ACTION ITEM: Output the first line below and each one after it, exactly, up to and including the line holding "Den har kallats". Pictures should not be copied.

THE RECORDS:
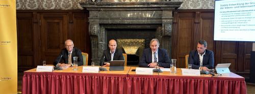 Leipzigs OB Burkhard Jung (2.v.r.) konnte gute Zahlen verkünden, sieht jedoch die Finanzierung der Wärmewende in der Zukunft kritisch. Weiter von links: Volkmar Müller, Karsten Rogall und Frank Viereckl, Leiter der Konzernkommunikation der Leipziger Gruppe Quelle: Frank Urbansky |
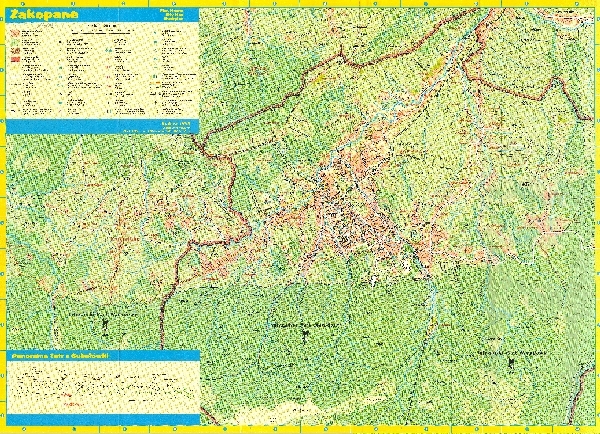 Plan miasta Zakopane, Kościelisko i Olcza. Zaznaczone poziomice. Sieć hydrograficzna, obszary zalesione, drogi, koleje linowe i wyciągi narciarskie. Zaznaczone szlaki turystyczne. Dodatkowo fragment TPN obejmujący rejon reglowej części Tatr pomiędzy Doliną Kościeliską i Doliną Olczyską. Dodatkowo panorama Tatr z Gubałówki (20x6 cm). Legenda.
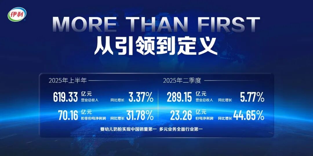 8月28日,内蒙古伊利实业集团股份有限公司(下称伊利股份,600887.SH)发布了量与质双跨越的2025年半年报。财报显示,今年上半年,伊利股份实现营业收入617.77亿元,同比增长3.49%;实现扣非归母净利润70.16亿元,同比增长31.78%;业绩再创历史新高,稳居亚洲乳业第一,绝对龙头领先优势持续扩大。
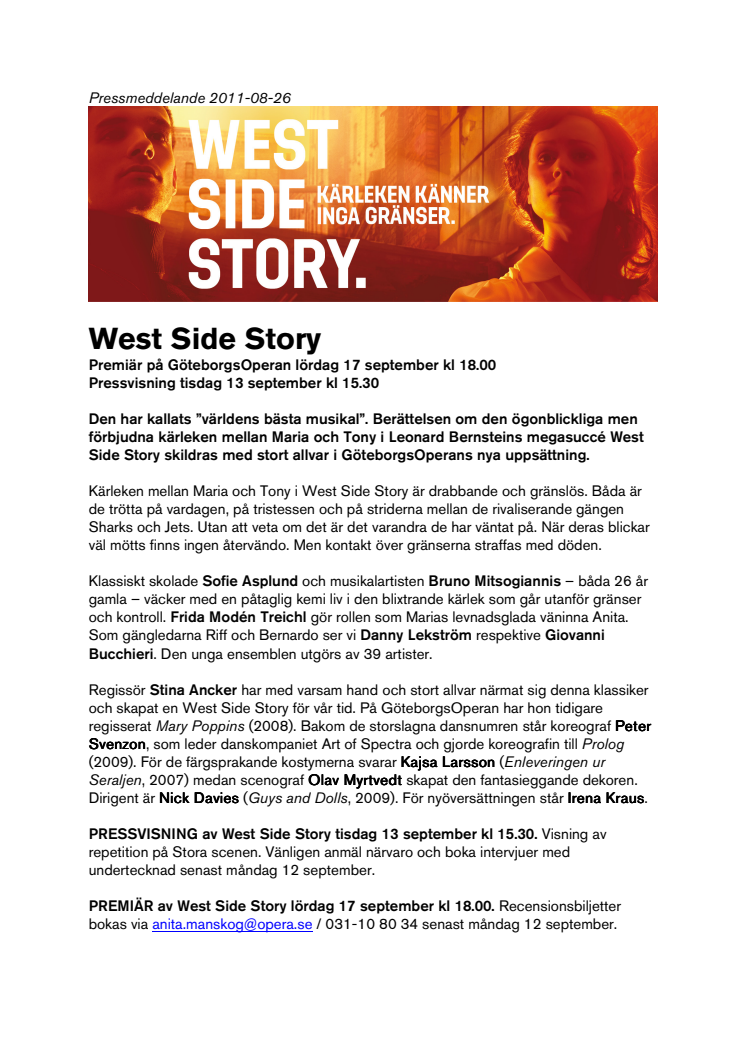 Den har kallats ”världens bästa musikal”. Berättelsen om den ögonblickliga men förbjudna kärleken mellan Maria och Tony i Leonard Bernsteins megasuccé West Side Story skildras med stort allvar i GöteborgsOperans nya uppsättning.
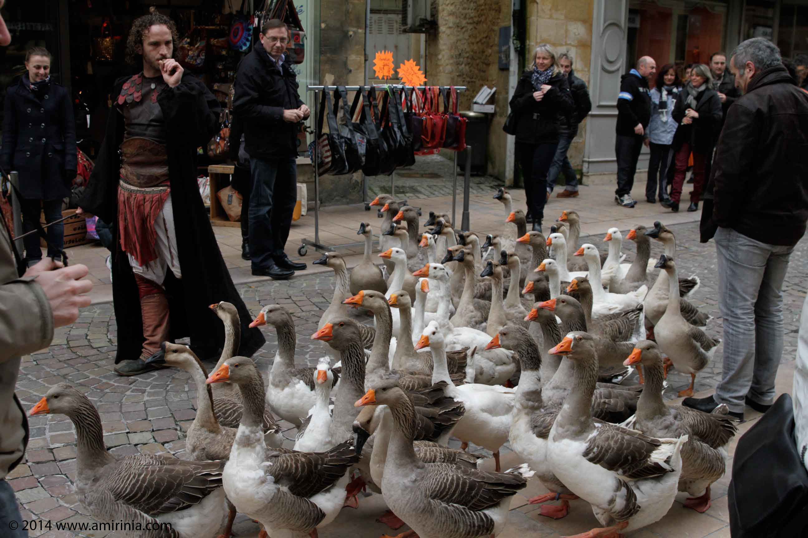 The fiestas of San Fermin are celebrated in Pamplona, in the region of Navarra, every year from the 6th to the 14th of July. They have become internationally famous because of the running of the bulls. In south west France in the medieval city of Sarlat they have the running of the geese. This feather fluttering spectacle occurs annually, this year on the 15th and 16th of February, and celebrates the many qualities of this of this fine web-footed fowl.
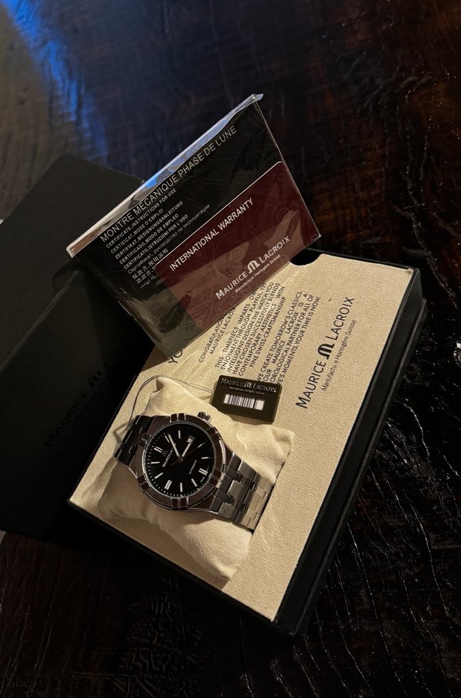 Maurice Lacroix erkek kol saati, siyah kadran ve metal bilezik ile modern ve iş stilini bir araya getiriyor. Uluslararası garanti ve orijinal kutu ile birlikte. İthal sıfır ürün / eta makine / bulunmaz fiyat

EXERCISE RESULT:
 Leipzigs OB Burkhard Jung (2.v.r.) konnte gute Zahlen verkünden, sieht jedoch die Finanzierung der Wärmewende in der Zukunft kritisch. Weiter von links: Volkmar Müller, Karsten Rogall und Frank Viereckl, Leiter der Konzernkommunikation der Leipziger Gruppe Quelle: Frank Urbansky |
 Plan miasta Zakopane, Kościelisko i Olcza. Zaznaczone poziomice. Sieć hydrograficzna, obszary zalesione, drogi, koleje linowe i wyciągi narciarskie. Zaznaczone szlaki turystyczne. Dodatkowo fragment TPN obejmujący rejon reglowej części Tatr pomiędzy Doliną Kościeliską i Doliną Olczyską. Dodatkowo panorama Tatr z Gubałówki (20x6 cm). Legenda.
 8月28日,内蒙古伊利实业集团股份有限公司(下称伊利股份,600887.SH)发布了量与质双跨越的2025年半年报。财报显示,今年上半年,伊利股份实现营业收入617.77亿元,同比增长3.49%;实现扣非归母净利润70.16亿元,同比增长31.78%;业绩再创历史新高,稳居亚洲乳业第一,绝对龙头领先优势持续扩大。
 Den har kallats ”världens bästa musikal”. Berättelsen om den ögonblickliga men förbjudna kärleken mellan Maria och Tony i Leonard Bernsteins megasuccé West Side Story skildras med stort allvar i GöteborgsOperans nya uppsättning.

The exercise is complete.